Given the extensive contribution of lipid metabolic pathways to tumor progression and chemoresistance, molecules that regulate systemic or cellular lipid homeostasis have become increasingly relevant to cancer research. PCSK9, a key regulator of LDLR turnover and cholesterol homeostasis, is suggested to interconnect the lipid metabolism with key pathways governing oncogenic signaling and the tumor immune microenvironment. Recent work indicates that PCSK9 not only controls LDLR-dependent cholesterol regulation but also modulates the immune microenvironment and influences responses to immune checkpoint blockade [7,51]. Thus, understanding how lipid metabolism shapes oncogenic signaling and therapeutic resistance provides an essential foundation for evaluating the emerging roles of PCSK9 in cancer.

4. PCSK9 and Cancer

Accumulating evidence shows that PCSK9 contributes to various cancer progression beyond its canonical role in cholesterol homeostasis. PCSK9 dysregulation has been documented across multiple types of cancers, including breast cancer, head and neck squamous cell carcinoma, hepatocellular carcinoma, gastric cancer, lung cancer, colorectal cancer, and many others, where it influences tumor growth, metastasis, immune evasion, and therapy resistance [7]. Table 1 summarizes the research related to PCSK9 and cancer types and the molecular mechanisms underlying these cancer-associated functions of PCSK9 are synthesized and discussed in detail in Section 5.
In parallel with experimental investigations, several bioinformatics and pan-cancer studies from large-scale datasets, including TCGA and cBioPortal-linked resources, have evaluated PCSK9 expression patterns and clinical associations across tumor types.

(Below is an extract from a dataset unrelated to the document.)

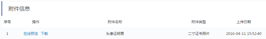 附件信息在線預(yù)覽和下載:【在線預(yù)覽】:可在線預(yù)覽證明;【下載】:點(diǎn)擊后可下載證明,如下圖2.1.2.9 所示。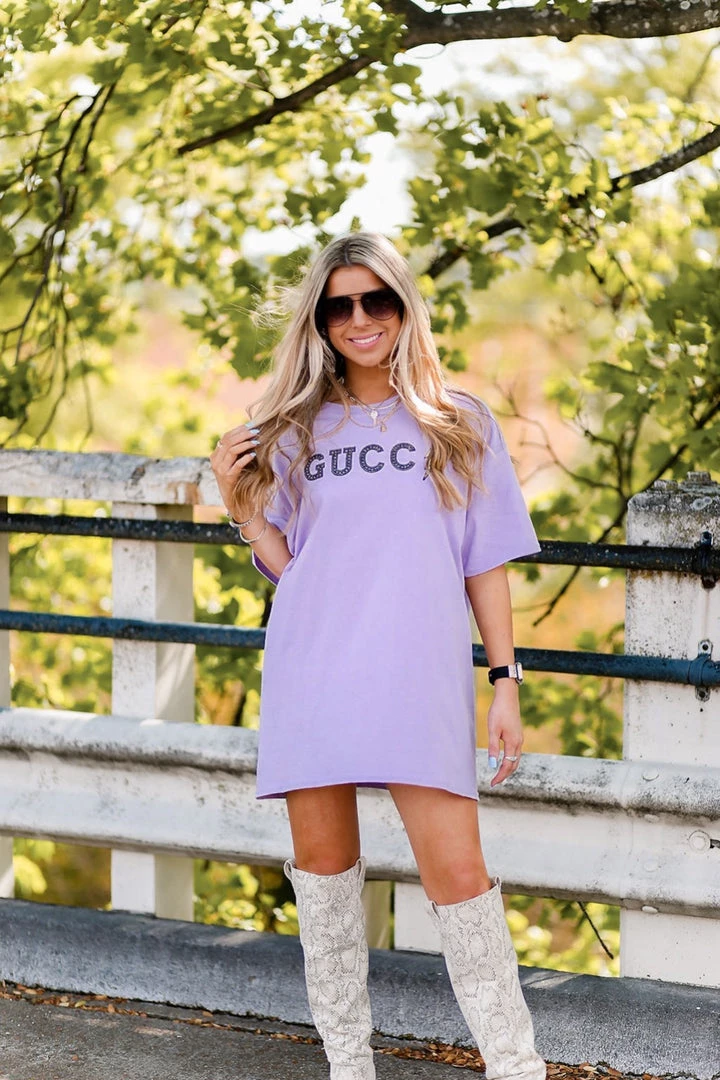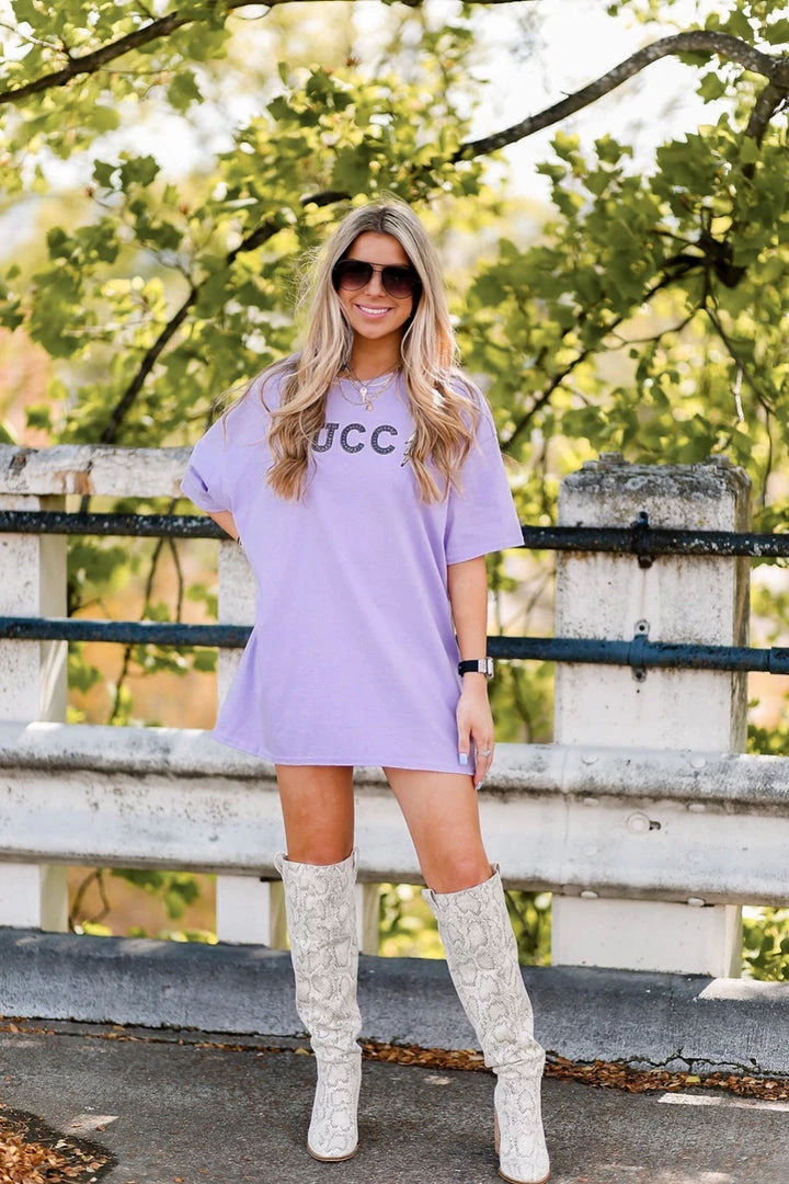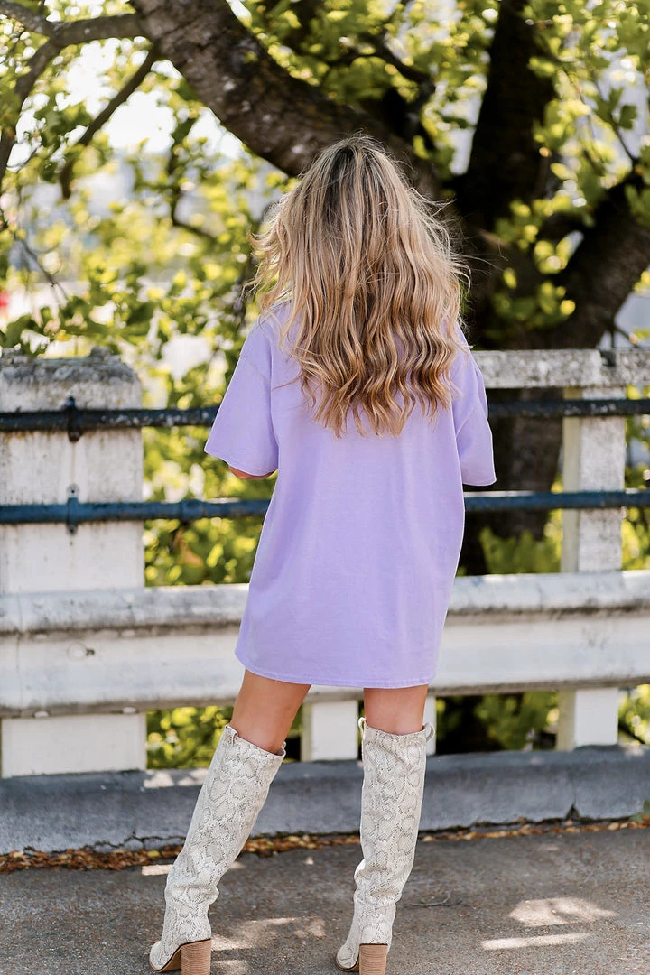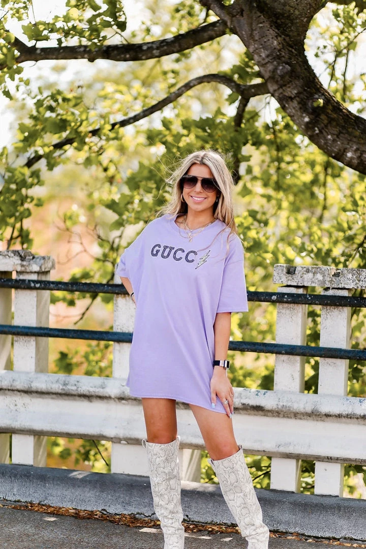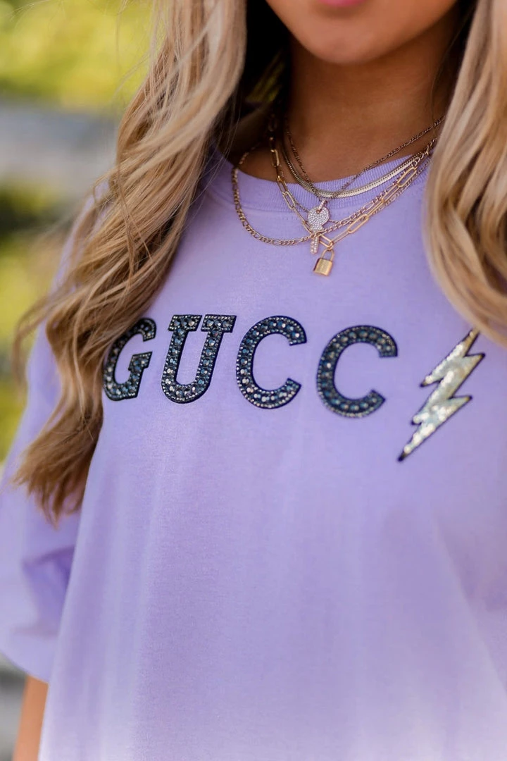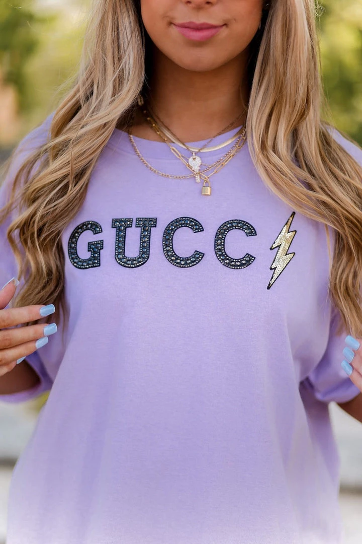Vibrant lavender purple oversized tee with designer inspired black jewel letters and sequin lightning bolt.

In a TCGA-based pan-cancer analysis, PCSK9 showed heterogenous expression and tumor-specific prognostic associations, with immune-infiltration correlations that varied by cancer type [22]. The studies explore relationships with markers of CD8+ T cells, macrophage polarization, and T-cell exhaustion signatures in specific cohorts [22]. More recently, a TCGA-driven study across 33 tumor types integrated immunogenomic correlations with functional experiments and reported that higher PCSK9 expression was associated with more advanced disease stage and poorer prognosis in selected tumors [52]. Meanwhile PCSK9 inhibition improved immune contexture in vivo, including increased dendritic-cell infiltration and increased MHC-II expression, enhancing the efficacy of a peptide vaccine strategy in their model system [52]. Importantly, TCGA stratification can also connect PCSK9 to defined oncogenic contexts, as analysis of TCGA COAD/READ cohorts in colorectal cancer stratified by APC loss and KRAS mutation supported a mechanistic link between PCSK9-associated cholesterol handling and a growth-promoting metabolic program, consistent with functional data showing PCSK9 as therapeutic vulnerability in this genotype-defined subset [53]. Tumor-specific computational work in melanoma further connected PCSK9 expression to tumor immunity and predicted immunotherapy responsiveness, supporting the idea that PCSK9-linked pathways may shape immune escape in certain conditions [54]. Furthermore, a broader integrative analysis combining TCGA RNA-seq with GEO reported cancer type dependency to survival associations, which is shown to be beneficial in some cancers and adverse in others, reinforcing that clinical correlation of PCSK9 is not uniform across malignancies and needs to be further investigated based on the cancer type context [55]. Collectively, those studies provide hypothesis-generating evidence that PCSK9′s expression, prognostic value, and immune associations are highly context dependent and therefore require mechanistic validation in matched tumor models and clinically relevant immune environments.
Table 1. The studies of PCSK9 in association with cancer.
Table 1. The studies of PCSK9 in association with cancer.
Cancer TypeMethodsResultsMechanismRef.
Breast cancerHuman clinical cohortSignificant elevated circulating PCSK9 levels are measured in stage III breast cancer patients, in comparison to healthy individuals.Not indicated[24]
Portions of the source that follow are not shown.